Moody’s, following the example of S&P, has added cyber risk to it’s stress tests when determining the credit rating of an organization. This is a forward thinking move by these organizations, as the technology, intellectual property, processes, and capability to do business is now abundantly dependent upon the information technology and it’s resiliency to disruptions.
While this is a first step – it is just another perspective for leaders of every company to consider as they expand their dependence on technology. In 2010 I wrote most businesses were becoming software companies, and today it is even more so … though not wholly obvious. To sustain future operations, be innovative, and frankly remain relevant businesses must be cyber resilient to ensure their products win in the market and operate safely within the margins expected.
Check out the Moody’s press release below, and if you are a customer you can read their full report too!

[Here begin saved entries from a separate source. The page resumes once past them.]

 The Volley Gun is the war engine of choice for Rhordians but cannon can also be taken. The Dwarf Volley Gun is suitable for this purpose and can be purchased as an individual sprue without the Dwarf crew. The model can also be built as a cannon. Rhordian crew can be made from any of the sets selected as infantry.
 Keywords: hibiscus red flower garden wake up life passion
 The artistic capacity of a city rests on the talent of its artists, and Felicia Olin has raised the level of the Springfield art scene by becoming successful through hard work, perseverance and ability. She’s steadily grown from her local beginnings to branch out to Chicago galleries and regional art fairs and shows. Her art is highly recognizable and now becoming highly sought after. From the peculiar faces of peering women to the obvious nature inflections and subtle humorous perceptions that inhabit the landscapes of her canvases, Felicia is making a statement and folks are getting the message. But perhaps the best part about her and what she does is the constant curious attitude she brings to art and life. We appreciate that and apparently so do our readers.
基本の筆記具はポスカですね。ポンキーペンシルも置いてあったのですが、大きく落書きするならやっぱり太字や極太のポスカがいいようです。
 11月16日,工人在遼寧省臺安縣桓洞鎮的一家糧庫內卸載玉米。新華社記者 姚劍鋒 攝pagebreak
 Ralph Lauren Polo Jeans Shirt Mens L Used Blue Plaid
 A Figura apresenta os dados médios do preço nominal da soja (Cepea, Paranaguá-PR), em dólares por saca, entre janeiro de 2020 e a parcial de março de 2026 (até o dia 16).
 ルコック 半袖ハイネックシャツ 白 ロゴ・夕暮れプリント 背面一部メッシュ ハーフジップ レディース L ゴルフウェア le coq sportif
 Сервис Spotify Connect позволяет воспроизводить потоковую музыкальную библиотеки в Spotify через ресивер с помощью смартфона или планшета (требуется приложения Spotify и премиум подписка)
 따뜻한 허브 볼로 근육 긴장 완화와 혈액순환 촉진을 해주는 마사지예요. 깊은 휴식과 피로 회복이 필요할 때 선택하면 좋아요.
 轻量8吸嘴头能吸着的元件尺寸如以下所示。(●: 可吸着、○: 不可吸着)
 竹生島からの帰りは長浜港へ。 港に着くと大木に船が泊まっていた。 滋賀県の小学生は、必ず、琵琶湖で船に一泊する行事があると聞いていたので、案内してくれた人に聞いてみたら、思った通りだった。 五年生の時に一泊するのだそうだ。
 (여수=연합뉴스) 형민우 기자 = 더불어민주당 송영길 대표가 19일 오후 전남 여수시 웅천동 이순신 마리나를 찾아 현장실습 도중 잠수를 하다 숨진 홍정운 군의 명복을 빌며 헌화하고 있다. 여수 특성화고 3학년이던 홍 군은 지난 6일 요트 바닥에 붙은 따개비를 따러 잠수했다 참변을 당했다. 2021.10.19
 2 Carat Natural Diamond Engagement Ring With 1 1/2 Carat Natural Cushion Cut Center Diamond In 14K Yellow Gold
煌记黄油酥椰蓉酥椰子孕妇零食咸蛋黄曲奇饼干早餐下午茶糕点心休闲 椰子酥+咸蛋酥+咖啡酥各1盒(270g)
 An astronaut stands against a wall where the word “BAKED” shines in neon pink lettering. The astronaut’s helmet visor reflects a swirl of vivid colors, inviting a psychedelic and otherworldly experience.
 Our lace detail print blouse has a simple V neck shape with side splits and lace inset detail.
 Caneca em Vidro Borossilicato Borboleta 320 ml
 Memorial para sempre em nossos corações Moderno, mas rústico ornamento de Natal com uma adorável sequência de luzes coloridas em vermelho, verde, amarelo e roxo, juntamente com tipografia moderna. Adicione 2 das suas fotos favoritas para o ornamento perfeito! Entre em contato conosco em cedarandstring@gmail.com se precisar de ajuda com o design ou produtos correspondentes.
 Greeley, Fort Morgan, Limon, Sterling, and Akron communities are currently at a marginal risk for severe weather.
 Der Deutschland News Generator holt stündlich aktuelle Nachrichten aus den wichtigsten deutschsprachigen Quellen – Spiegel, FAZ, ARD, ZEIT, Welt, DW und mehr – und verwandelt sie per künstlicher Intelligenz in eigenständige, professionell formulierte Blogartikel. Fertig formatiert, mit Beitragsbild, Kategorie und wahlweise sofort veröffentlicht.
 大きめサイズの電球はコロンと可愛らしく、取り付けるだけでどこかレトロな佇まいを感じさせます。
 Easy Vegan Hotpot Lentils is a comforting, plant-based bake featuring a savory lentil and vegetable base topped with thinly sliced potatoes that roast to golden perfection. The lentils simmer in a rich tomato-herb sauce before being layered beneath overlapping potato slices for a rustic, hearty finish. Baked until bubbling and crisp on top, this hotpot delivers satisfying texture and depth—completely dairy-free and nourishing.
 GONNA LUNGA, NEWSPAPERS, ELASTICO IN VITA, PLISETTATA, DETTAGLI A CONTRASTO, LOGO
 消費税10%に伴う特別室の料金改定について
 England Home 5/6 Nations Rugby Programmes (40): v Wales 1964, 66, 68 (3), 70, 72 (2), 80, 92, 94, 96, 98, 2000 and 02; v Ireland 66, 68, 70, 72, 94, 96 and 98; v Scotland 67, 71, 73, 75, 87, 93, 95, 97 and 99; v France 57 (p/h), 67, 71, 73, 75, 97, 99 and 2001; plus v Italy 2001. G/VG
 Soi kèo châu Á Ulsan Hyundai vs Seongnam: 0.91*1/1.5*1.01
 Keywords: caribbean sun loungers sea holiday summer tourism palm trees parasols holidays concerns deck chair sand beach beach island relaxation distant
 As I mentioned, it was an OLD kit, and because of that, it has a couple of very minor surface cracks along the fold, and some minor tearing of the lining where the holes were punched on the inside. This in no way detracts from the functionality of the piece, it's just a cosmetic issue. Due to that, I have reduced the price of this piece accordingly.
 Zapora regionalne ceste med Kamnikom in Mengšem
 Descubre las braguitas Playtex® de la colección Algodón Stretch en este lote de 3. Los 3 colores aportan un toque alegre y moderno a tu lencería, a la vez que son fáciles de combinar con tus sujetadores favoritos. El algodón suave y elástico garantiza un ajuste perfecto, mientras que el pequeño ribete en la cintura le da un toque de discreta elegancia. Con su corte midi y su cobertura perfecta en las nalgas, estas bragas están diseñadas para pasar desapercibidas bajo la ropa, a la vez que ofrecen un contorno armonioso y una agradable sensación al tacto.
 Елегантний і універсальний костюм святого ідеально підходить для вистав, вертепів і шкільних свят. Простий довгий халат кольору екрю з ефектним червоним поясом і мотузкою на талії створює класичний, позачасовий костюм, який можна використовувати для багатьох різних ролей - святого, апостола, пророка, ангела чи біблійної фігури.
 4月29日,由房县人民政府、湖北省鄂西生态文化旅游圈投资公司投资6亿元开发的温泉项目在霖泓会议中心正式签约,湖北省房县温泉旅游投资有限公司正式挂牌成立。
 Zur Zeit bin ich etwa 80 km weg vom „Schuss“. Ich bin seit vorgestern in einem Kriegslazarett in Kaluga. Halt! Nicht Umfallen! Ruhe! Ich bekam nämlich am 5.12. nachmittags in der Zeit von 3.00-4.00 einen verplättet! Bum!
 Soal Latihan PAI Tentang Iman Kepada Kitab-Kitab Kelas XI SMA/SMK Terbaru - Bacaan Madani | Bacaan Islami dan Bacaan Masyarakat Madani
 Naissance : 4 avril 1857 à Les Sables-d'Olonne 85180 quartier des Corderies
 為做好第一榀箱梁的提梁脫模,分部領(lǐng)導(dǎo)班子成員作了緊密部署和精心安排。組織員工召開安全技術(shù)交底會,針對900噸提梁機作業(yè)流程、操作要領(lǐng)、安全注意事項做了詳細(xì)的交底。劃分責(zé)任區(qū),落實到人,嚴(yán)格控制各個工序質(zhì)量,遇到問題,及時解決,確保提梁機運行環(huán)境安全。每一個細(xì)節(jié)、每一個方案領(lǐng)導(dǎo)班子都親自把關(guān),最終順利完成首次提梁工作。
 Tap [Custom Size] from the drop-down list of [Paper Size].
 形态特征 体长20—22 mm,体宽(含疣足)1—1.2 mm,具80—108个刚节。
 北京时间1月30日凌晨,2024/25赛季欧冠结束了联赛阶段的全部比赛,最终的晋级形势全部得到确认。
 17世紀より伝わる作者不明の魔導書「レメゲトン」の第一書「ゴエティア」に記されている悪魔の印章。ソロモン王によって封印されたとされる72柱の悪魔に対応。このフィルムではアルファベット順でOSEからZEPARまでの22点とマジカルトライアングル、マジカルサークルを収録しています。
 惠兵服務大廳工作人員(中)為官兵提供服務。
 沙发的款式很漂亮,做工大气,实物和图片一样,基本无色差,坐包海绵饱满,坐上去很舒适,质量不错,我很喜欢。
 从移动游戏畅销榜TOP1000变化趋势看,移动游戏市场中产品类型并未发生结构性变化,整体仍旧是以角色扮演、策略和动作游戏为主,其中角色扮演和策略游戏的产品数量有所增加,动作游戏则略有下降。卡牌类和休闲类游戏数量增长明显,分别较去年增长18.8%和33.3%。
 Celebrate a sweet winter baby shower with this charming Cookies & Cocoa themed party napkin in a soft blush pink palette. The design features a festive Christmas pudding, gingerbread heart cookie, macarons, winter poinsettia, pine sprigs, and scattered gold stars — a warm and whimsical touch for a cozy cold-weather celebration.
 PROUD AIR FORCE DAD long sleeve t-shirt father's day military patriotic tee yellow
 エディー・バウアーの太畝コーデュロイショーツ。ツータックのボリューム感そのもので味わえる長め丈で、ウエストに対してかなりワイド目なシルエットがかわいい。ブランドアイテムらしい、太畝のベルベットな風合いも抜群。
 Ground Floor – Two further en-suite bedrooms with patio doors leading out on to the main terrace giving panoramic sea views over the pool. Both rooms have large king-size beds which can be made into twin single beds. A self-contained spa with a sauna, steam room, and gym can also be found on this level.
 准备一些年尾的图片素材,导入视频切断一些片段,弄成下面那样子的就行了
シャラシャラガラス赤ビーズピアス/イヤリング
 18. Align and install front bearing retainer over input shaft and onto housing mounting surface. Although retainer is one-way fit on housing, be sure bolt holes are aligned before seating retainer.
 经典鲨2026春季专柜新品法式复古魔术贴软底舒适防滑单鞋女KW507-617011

Other sectors considered critical infrastructure such as electric utilities, power plants, or water and sewer systems are more exposed to attacks that could lead to large-scale service disruption, causing substantial economic — and possibly environmental — damages to sovereign, state and local governments or utilities. However, Moody’s believes such an attack would elicit immediate government intervention to restore operations, resulting in lower potential credit risk.
**It is interesting to me that Moody’s believes the worst of possible cyber failures will be financially backed by governments and not born by the business, yet this was/is not the case with Oil spills (such as BP in the Gulf). It’d be interesting to examine that analysis further to better appreciate their point of view.